The process that we experimented with is called task adaptive pretraining or TAPT. As outlined from the don't stop pretraining paper, the authors:
- (1) train the RoBERTa base model using on a masked-language-modeling task (MLM) for 100 epochs
- (2) Use this model from the MLM step on a downstream classification task for 10 epochs
We experimentsed using adapters to follow this process and generally found that the adapters, after hyperparameter tuning, performed as well, or better, than the don't stop pretraining results even when we skipped the MLM step. The main takeaway for us was that we could match results in a less computationally expensive way leveraging Adapters.

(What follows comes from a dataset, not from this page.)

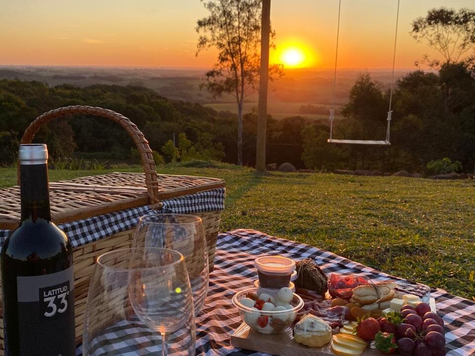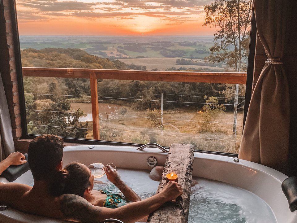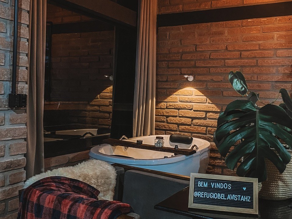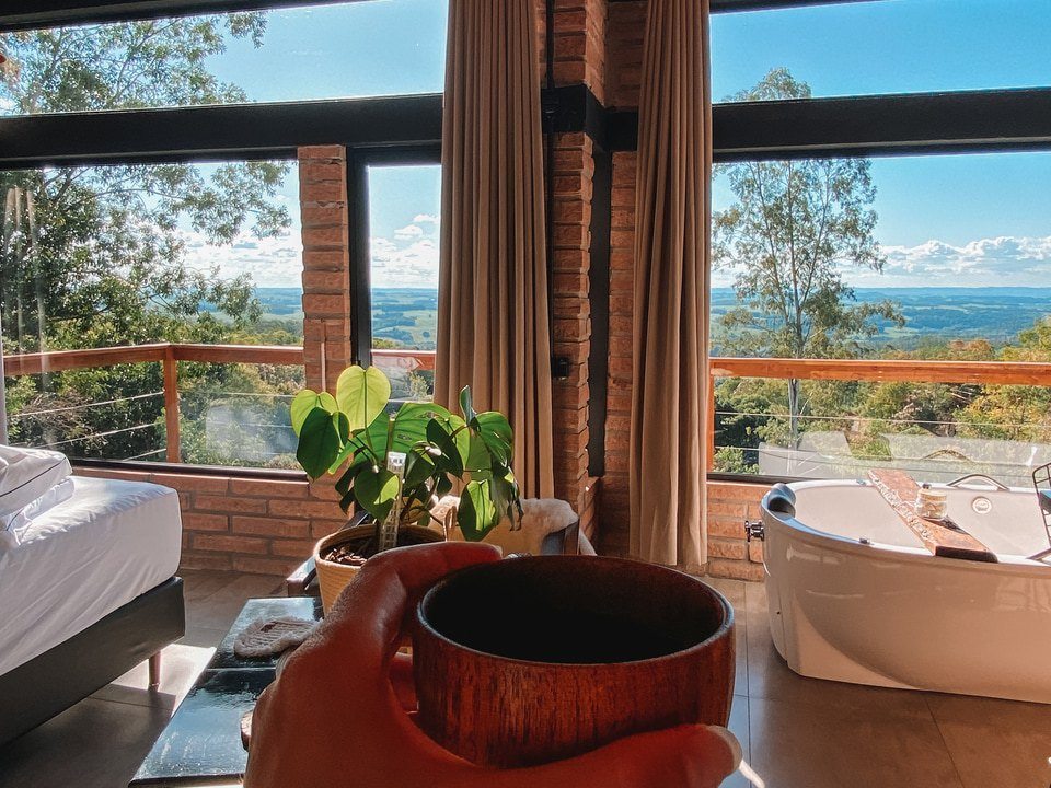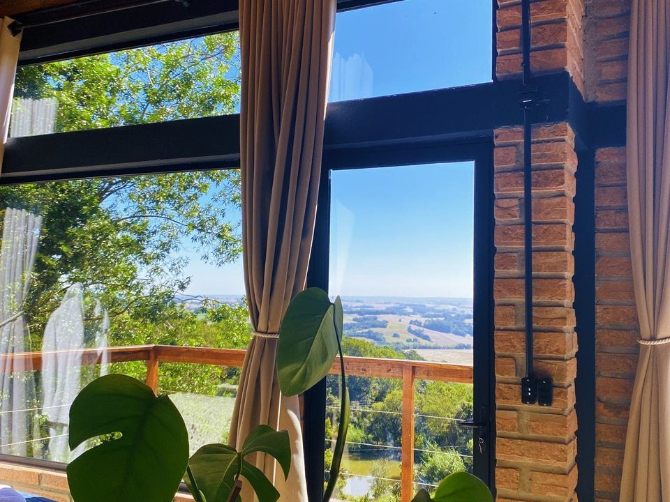 Dentro do chalé, você encontrará um ambiente integrado e aconchegante, cama box queen size com enxoval completo, ar-condicionado quente/frio, cortinas blackout e uma smart TV 32′ com Netflix e Prime Vídeo. Ao lado, uma mesa com poltronas cria o cenário ideal para refeições ou conversas relaxantes. A cozinha é prática e bem equipada para quem deseja preparar suas próprias refeições. Com cooktop, frigobar, forninho elétrico e armários completos com utensílios essenciais, garantindo que você tenha à disposição o necessário para aproveitar ao máximo sua estadia. O banheiro possui ducha com aquecimento à gás, toalhas e roupões, secador de cabelo e amenidades. O charme especial é a banheira dupla com hidromassagem para banhos relaxantes com uma vista espetacular do Noroeste Gaúcho. Além disso, possui lareira interna à lenha para momentos aconchegantes. Na área externa, um charmoso deck de madeira oferece uma vista deslumbrante para o horizonte, perfeito para contemplar o pôr do sol. O amplo gramado ao redor inclui um balanço. Além disso, há um espaço dedicado para fogo de chão com varal de luzes, para aproveitar as noites ao redor da fogueira.

Our team ran these experiments on Google Colab. However, you can replicate by running the notebooks.
colab_train_gpu.ipynb
In addition, the notebooks NS_DL_Project_X.ipynb
show different experiments used for this repo.
- Replicating the Don't stop pretraining paper results
Dataset | Original results | Ours | ||
---|---|---|---|---|
Baseline Roberta | TAPT | Baseline Roberta | TAPT | |
CHEMPROT | 81.9 | 82.6(↗) | 82.13 | 82.59(↗) |
RCT | 87.2 | 87.7(↗) | 85.59 | 87.64(↗) |
ACL-ARC | 63.0 | 67.4(↗) | 64.28 | 68.69(↗) |
SCIERC | 77.3 | 79.3(↗) | 78.49 | 80.73(↗) |
HYPERPARTISAN | 86.6 | 90.4(↗) | 93.5 | 91.81(↘) |
AGNEWS | 93.9 | 94.5(↗) | 93.75 | 94.13(↗) |
HELPFULNESS | 65.1 | 68.5(↗) | 68.42 | 68.61(↗) |
IMDB | 95.0 | 95.5(↗) | 95.42 | 95.03(↘) |
Average F1 | 81.25 | 83.24(↗) | 82.7 | 83.65(↗) |
- Training using Adapters
- All Macro F1 expect from CHEMPROT and RCT
Dataset | TAPT paper results (F1) | Adapter (F1)- default params (LR 2e-5, 10 epochs) | Adapter (F1) w/ updated params (LR 1e-4, 10 epochs) | Adapter no pretraining (F1) w/ updated params |
---|---|---|---|---|
CHEMPROT | 82.60% | 74.26% | 82.68% | 82.79% |
RCT | 87.70% | 87.54% | 87.25% | 87.32% |
ACL-ARC | 67.40% | 24.22% | 54.04% | 53.97% |
SCIERC | 79.30% | 44.24% | 76.85% | 76.79% |
HYPERPARTISAN | 90.40% | 36.89% | 71.86% | 75.95% |
AGNEWS | 94.50% | 93.75% | 94.23% | 94.2% |
HELPFULNESS | 68.50% | 67.93% | 69.47% | 69.51% |
IMDB | 95.50% | 95.46% | 95.36% | 95.52% |
Domain | Task | Label Type | Number of instances (Train/Dev/Test) |
---|---|---|---|
Biomedical | ChemProt | Relationship classification | 4169/2427/3469 |
Biomedical | RCT | Abstract sentence roles | 18040/30212/30135 |
Computer Science | ACL-ARC | Citation intent | 1688/114/139 |
Computer Science | SciERC | Relation classification | 3219/455/974 |
News | Hyperpartisan | Partisanship | 515/65/65 |
News | Agnews | Topic | 115000/5000/7600 |
Reviews | Helpfulness | Review helpfulness | 115251/5000/25000 |
Reviews | IMDB | Review sentiment | 20000/5000/25000 |
python -m scripts.run_language_modeling --train_data_file datasets/chemprot/train.txt \
--line_by_line \
--eval_data_file=datasets/chemprot/test.txt \
--output_dir roberta-tapt-chemprot-adapter \
--model_type roberta-base \
--tokenizer_name roberta-base \
--mlm \
--per_gpu_train_batch_size 8 \
--gradient_accumulation_steps 16 \
--model_name_or_path roberta-base \
--do_eval \
--evaluate_during_training \
--do_train \
--num_train_epochs 100 \
--learning_rate 0.0001 \
--logging_steps 50 \
--overwrite_output_dir \
--adapter_name="chemprot_custom_adapter"
Experiments were done with the environmental setting in adapter-hub (Python 3.6+ and PyTorch 1.1.0+)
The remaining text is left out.